*** Data ***
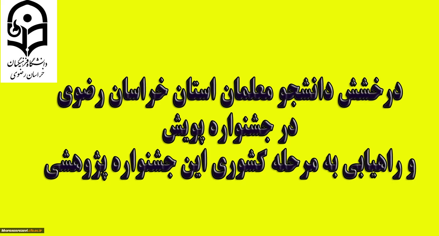 درخشش دانشجو معلمان استان خراسان رضوی در جشنواره پویش و راهیابی به مرحله کشوری این جشنواره پژوهشی
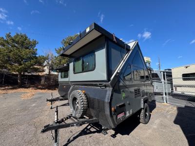 The Evolution A-frame camper by Aliner is coming to you with residential features and solid construction materials. You'll love the slate gray exterior, aluminum wheels, and the Azdel composite panels to help prolong the life of your camper. There are LED running lights, exterior baggage doors, and four stabilizer jacks to help keep your camper secure. You will also appreciate the keyless entry, the dual LP tanks with a cover, and the 200-watt solar panel on the front dormer for some off-grid power. The lift kit and 15" off-road tires add 3" to the height, allowing you to explore more roads, and you'll find many interior comforts to make you feel right at home!
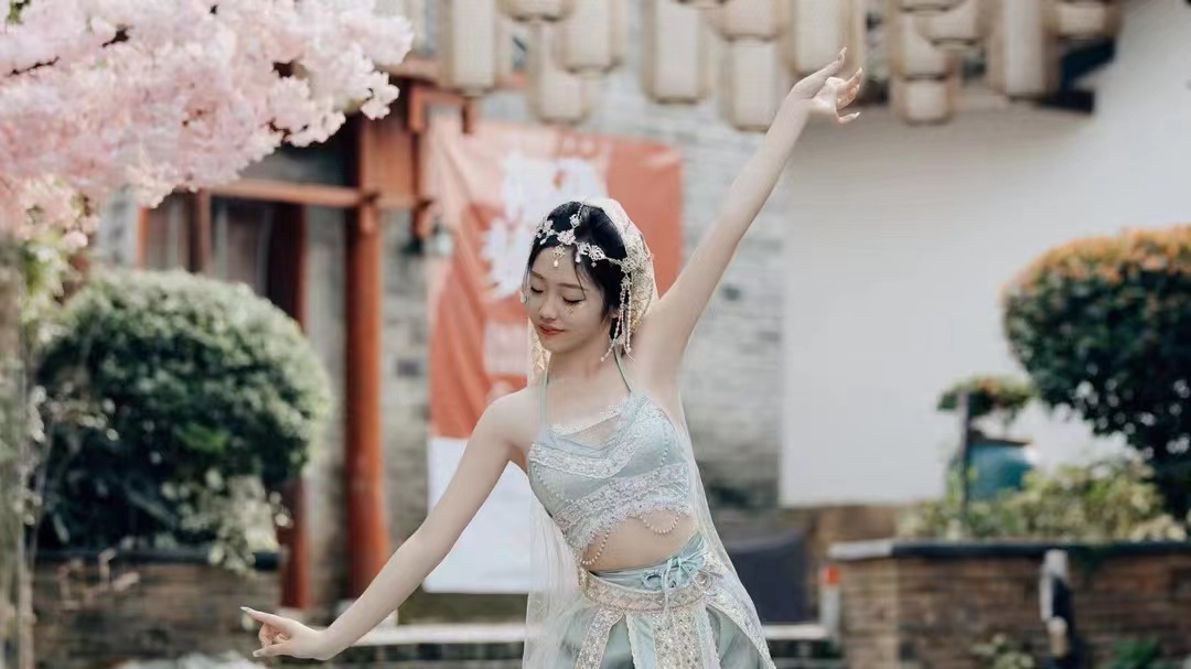 第三轮上,匡奕的敦煌舞表演更是一绝,她身着华丽的舞衣,翩翩起舞,仿佛穿越时空,回到了古代的敦煌。她的舞姿优雅大方,动作轻盈飘逸,赢得了大家的阵阵掌声。
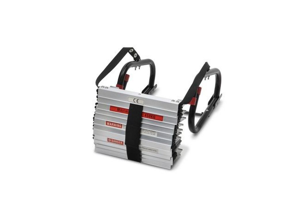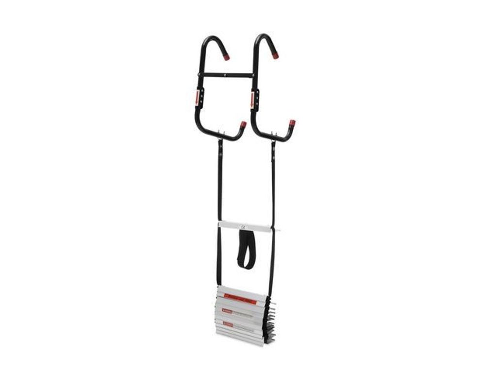 Hopvikbar brandstege ifrån NEXA som ger dig en snabb evakuering ifrån bostaden vid en eventuell brandsvåda. Brandstegen är i aluminium med remmar av nylon samt robusta krokar. Placera krokarna över fönsterkarmen vid en eventuell evakuering. Brandtsegen är liten och kompakt när den är förpackad och lätt att veckla ut vid behov. Rekommenderas för bostäder med två våningar. - Längd: 4 m - Maximal belastning: 400 kg, max 3 personer på stegen - Maximal evakueringshöjd, mätt från fönstrets nederkant: 4,3 meter - Maximal karmtjocklek: 30 cm - Material: Aluminiumsteg med remmar i nylon - Antal trappsteg: 12 stycken - Stegbredd: 30 cm
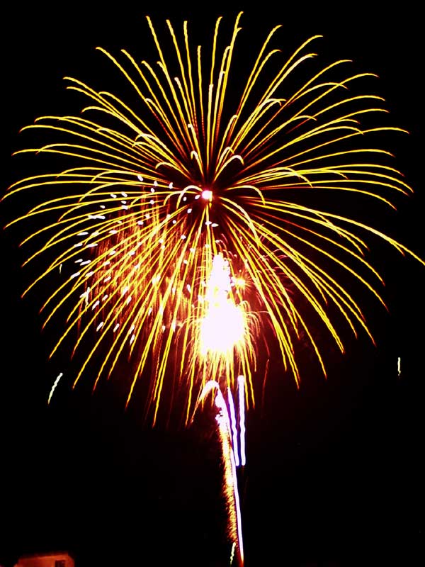 えびの市にこんなに人がいるのかと言うほど3万人の観客、地元出身の若者は男も女も昔ながらの浴衣やじんべえ姿、女性の浴衣姿が多いのが印象的です。 京町温泉夏祭り花火大会は、地元の氏神様荒神堂(こうじんどう)夏祭りから発展復活したものだ、以前は山車も出ていたが徐々に廃れてしまい、灯籠を飾り子供御輿を出すなど「未来塾京町」のボランティア活動により復活した。 復活したのは祭りだけではない、浴衣を着て夏祭りを祝う習慣が現在の若人に確実に受け継がれています。 祭りは荒新堂での神事子供御輿の後、場所を花火大会会場に移しステージでは高崎町出身フォーク歌手浜川奈津子さん作詞作曲のフォークソングが花火開始の21時まで演奏されました。 21時から花火大会、菊・牡丹のなど割れ物にポカ物が混ざる。最後はスターマインの連発で大団円を迎え観客のどよめきと拍手でフィナーレを迎えました。 花火の様子
*** End of Data ***
Work order: The reply should hold every record, unchanged, and no pictures.

Answer to this problem:
 درخشش دانشجو معلمان استان خراسان رضوی در جشنواره پویش و راهیابی به مرحله کشوری این جشنواره پژوهشی
 The Evolution A-frame camper by Aliner is coming to you with residential features and solid construction materials. You'll love the slate gray exterior, aluminum wheels, and the Azdel composite panels to help prolong the life of your camper. There are LED running lights, exterior baggage doors, and four stabilizer jacks to help keep your camper secure. You will also appreciate the keyless entry, the dual LP tanks with a cover, and the 200-watt solar panel on the front dormer for some off-grid power. The lift kit and 15" off-road tires add 3" to the height, allowing you to explore more roads, and you'll find many interior comforts to make you feel right at home!
 第三轮上,匡奕的敦煌舞表演更是一绝,她身着华丽的舞衣,翩翩起舞,仿佛穿越时空,回到了古代的敦煌。她的舞姿优雅大方,动作轻盈飘逸,赢得了大家的阵阵掌声。
 Hopvikbar brandstege ifrån NEXA som ger dig en snabb evakuering ifrån bostaden vid en eventuell brandsvåda. Brandstegen är i aluminium med remmar av nylon samt robusta krokar. Placera krokarna över fönsterkarmen vid en eventuell evakuering. Brandtsegen är liten och kompakt när den är förpackad och lätt att veckla ut vid behov. Rekommenderas för bostäder med två våningar. - Längd: 4 m - Maximal belastning: 400 kg, max 3 personer på stegen - Maximal evakueringshöjd, mätt från fönstrets nederkant: 4,3 meter - Maximal karmtjocklek: 30 cm - Material: Aluminiumsteg med remmar i nylon - Antal trappsteg: 12 stycken - Stegbredd: 30 cm
 えびの市にこんなに人がいるのかと言うほど3万人の観客、地元出身の若者は男も女も昔ながらの浴衣やじんべえ姿、女性の浴衣姿が多いのが印象的です。 京町温泉夏祭り花火大会は、地元の氏神様荒神堂(こうじんどう)夏祭りから発展復活したものだ、以前は山車も出ていたが徐々に廃れてしまい、灯籠を飾り子供御輿を出すなど「未来塾京町」のボランティア活動により復活した。 復活したのは祭りだけではない、浴衣を着て夏祭りを祝う習慣が現在の若人に確実に受け継がれています。 祭りは荒新堂での神事子供御輿の後、場所を花火大会会場に移しステージでは高崎町出身フォーク歌手浜川奈津子さん作詞作曲のフォークソングが花火開始の21時まで演奏されました。 21時から花火大会、菊・牡丹のなど割れ物にポカ物が混ざる。最後はスターマインの連発で大団円を迎え観客のどよめきと拍手でフィナーレを迎えました。 花火の様子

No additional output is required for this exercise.